Note that f(n,1) never equals 3.
So the first two solutions of the equation f(n,1)=n are n=0 and n=1. The next solution is n=199981.

In the same manner the function f(n,d) gives the total number of digits d that have been written down after the number n has been written.
In fact, for every digit d ≠ 0, 0 is the first solution of the equation f(n,d)=n.

Let s(d) be the sum of all the solutions for which f(n,d)=n.
You are given that s(1)=22786974071.

Find ∑ s(d) for 1 ≤ d ≤ 9.

Note: if, for some n, f(n,d)=n for more than one value of d this value of n is counted again for every value of d for which f(n,d)=n.


数字计数

从零开始的自然数在十进制中如下表示:
0 1 2 3 4 5 6 7 8 9 10 11 12….

考虑数字d=1。

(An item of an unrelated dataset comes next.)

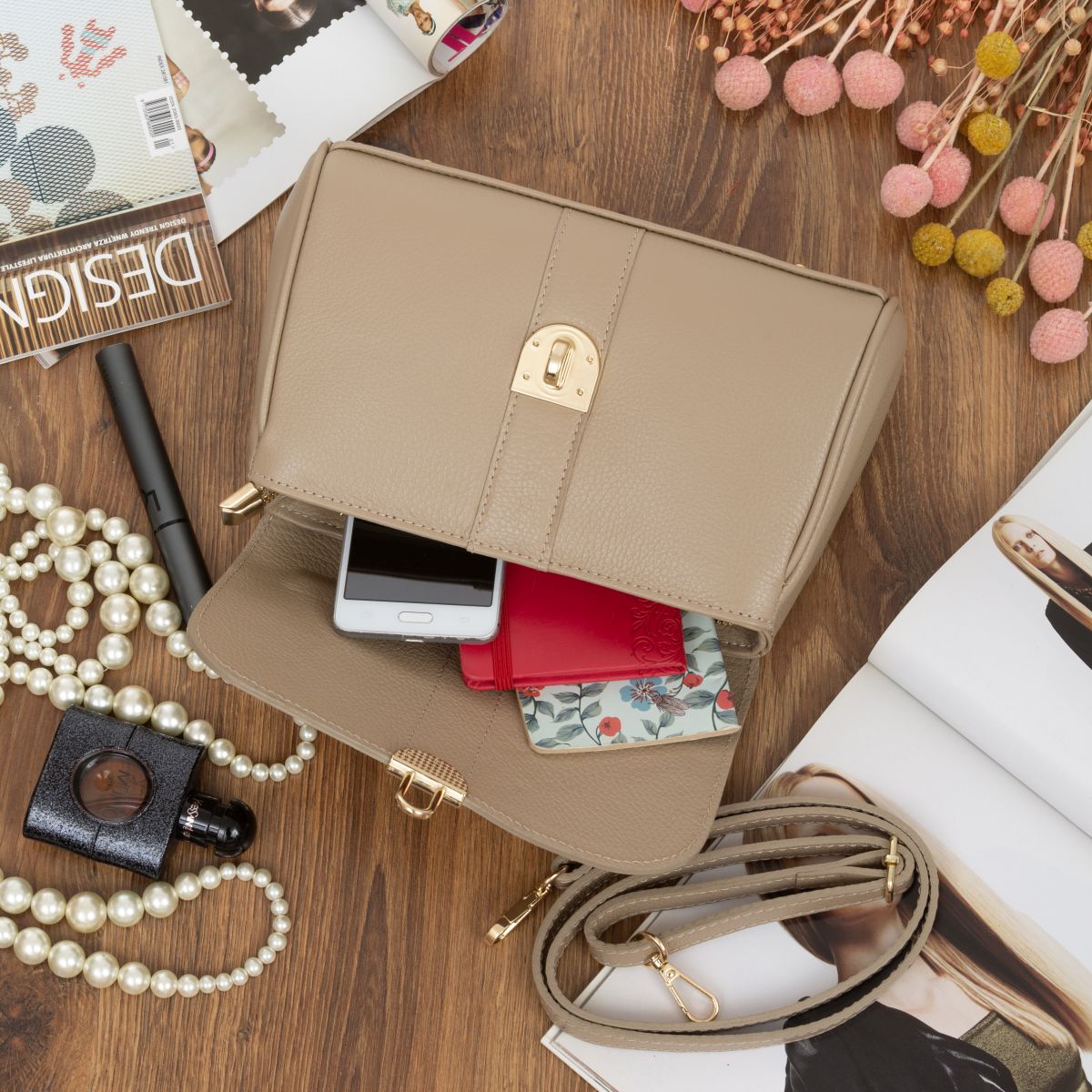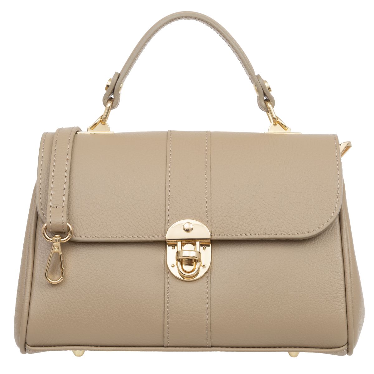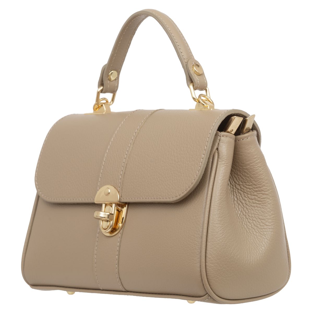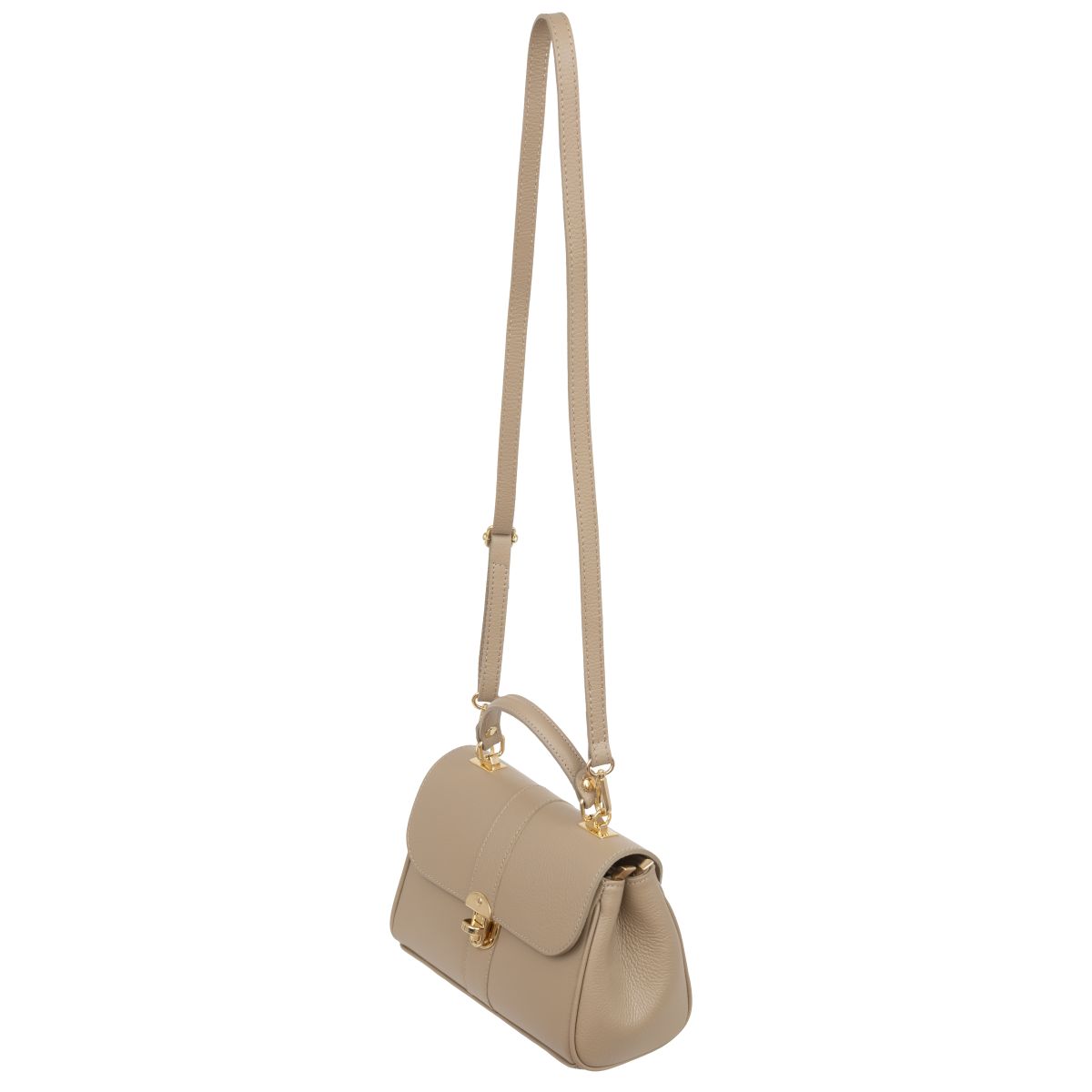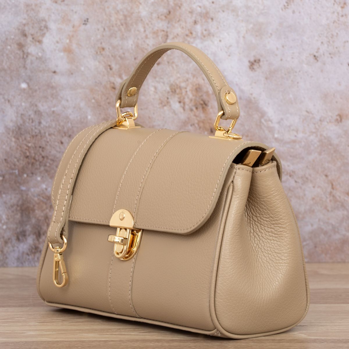 Damski kuferek średniej wielkości, wykonany z włoskiej skóry naturalnej. Górny uchwyt i odpinany pasek pozwala nosić torebkę w ręku lub na ramieniu.

当我们写下数n之后,我们计算一下到目前为止数字1出现的次数,并记为f(n,1)。f(n,1)的前面一部分值如下所示:

n f(n,1)
0 0
1 1
2 1
3 1
4 1
5 1
6 1
7 1
8 1
9 1
10 2
11 4
12 5

注意到f(n,1)从不等于3。
等式f(n,1)=n的前两个解是n=0和n=1,下一个解是n=199981。

同样地我们记f(n,d)表示在写下n之后d出现的次数。
事实上,对于任意一个数字d ≠ 0,0都是方程f(n,d)=n的第一个解。

记s(d)是所有f(n,d)=n的解的和。
已知s(1)=22786974071。

对于1 ≤ d ≤ 9,求∑ s(d)。

注意:如果对于某些n,对于多于一个的d均满足f(n,d)=n,这个数n对于每个d都要计算一遍。